• **Task objective**
The whole listing below is to be returned without alteration.
_ _ _ _ _
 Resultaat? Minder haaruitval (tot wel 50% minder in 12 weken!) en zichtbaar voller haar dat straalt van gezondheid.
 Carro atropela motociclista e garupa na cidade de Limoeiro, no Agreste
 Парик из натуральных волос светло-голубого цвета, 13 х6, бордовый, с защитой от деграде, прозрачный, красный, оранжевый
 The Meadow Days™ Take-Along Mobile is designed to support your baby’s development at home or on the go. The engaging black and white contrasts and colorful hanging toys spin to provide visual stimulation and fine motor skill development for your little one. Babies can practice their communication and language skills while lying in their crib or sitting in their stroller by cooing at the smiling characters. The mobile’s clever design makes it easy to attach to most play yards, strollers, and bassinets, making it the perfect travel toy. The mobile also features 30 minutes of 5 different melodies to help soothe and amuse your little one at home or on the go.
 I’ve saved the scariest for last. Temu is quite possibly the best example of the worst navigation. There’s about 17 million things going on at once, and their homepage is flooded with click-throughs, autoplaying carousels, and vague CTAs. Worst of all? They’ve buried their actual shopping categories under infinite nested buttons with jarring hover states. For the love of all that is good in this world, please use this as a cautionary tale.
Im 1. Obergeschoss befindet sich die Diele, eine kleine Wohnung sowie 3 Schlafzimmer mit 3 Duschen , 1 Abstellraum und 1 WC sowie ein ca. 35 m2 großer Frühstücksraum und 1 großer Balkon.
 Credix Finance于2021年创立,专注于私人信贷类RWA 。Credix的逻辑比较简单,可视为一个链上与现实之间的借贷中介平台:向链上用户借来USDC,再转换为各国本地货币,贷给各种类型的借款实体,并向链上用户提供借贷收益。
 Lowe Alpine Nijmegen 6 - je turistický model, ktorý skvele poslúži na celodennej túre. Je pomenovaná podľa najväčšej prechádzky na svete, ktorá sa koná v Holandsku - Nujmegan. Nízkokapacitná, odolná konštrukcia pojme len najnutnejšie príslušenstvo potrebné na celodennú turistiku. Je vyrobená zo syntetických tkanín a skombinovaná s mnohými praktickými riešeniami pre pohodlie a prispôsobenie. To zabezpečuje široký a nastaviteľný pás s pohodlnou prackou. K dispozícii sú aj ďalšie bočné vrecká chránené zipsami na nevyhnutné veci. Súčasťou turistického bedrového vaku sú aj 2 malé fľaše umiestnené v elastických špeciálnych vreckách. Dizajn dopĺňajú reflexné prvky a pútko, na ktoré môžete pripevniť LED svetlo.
_ _ _ _ _
• **Task response**
 Resultaat? Minder haaruitval (tot wel 50% minder in 12 weken!) en zichtbaar voller haar dat straalt van gezondheid.
 Carro atropela motociclista e garupa na cidade de Limoeiro, no Agreste
 Парик из натуральных волос светло-голубого цвета, 13 х6, бордовый, с защитой от деграде, прозрачный, красный, оранжевый
 The Meadow Days™ Take-Along Mobile is designed to support your baby’s development at home or on the go. The engaging black and white contrasts and colorful hanging toys spin to provide visual stimulation and fine motor skill development for your little one. Babies can practice their communication and language skills while lying in their crib or sitting in their stroller by cooing at the smiling characters. The mobile’s clever design makes it easy to attach to most play yards, strollers, and bassinets, making it the perfect travel toy. The mobile also features 30 minutes of 5 different melodies to help soothe and amuse your little one at home or on the go.
 I’ve saved the scariest for last. Temu is quite possibly the best example of the worst navigation. There’s about 17 million things going on at once, and their homepage is flooded with click-throughs, autoplaying carousels, and vague CTAs. Worst of all? They’ve buried their actual shopping categories under infinite nested buttons with jarring hover states. For the love of all that is good in this world, please use this as a cautionary tale.
Im 1. Obergeschoss befindet sich die Diele, eine kleine Wohnung sowie 3 Schlafzimmer mit 3 Duschen , 1 Abstellraum und 1 WC sowie ein ca. 35 m2 großer Frühstücksraum und 1 großer Balkon.
 Credix Finance于2021年创立,专注于私人信贷类RWA 。Credix的逻辑比较简单,可视为一个链上与现实之间的借贷中介平台:向链上用户借来USDC,再转换为各国本地货币,贷给各种类型的借款实体,并向链上用户提供借贷收益。
 Lowe Alpine Nijmegen 6 - je turistický model, ktorý skvele poslúži na celodennej túre. Je pomenovaná podľa najväčšej prechádzky na svete, ktorá sa koná v Holandsku - Nujmegan. Nízkokapacitná, odolná konštrukcia pojme len najnutnejšie príslušenstvo potrebné na celodennú turistiku. Je vyrobená zo syntetických tkanín a skombinovaná s mnohými praktickými riešeniami pre pohodlie a prispôsobenie. To zabezpečuje široký a nastaviteľný pás s pohodlnou prackou. K dispozícii sú aj ďalšie bočné vrecká chránené zipsami na nevyhnutné veci. Súčasťou turistického bedrového vaku sú aj 2 malé fľaše umiestnené v elastických špeciálnych vreckách. Dizajn dopĺňajú reflexné prvky a pútko, na ktoré môžete pripevniť LED svetlo.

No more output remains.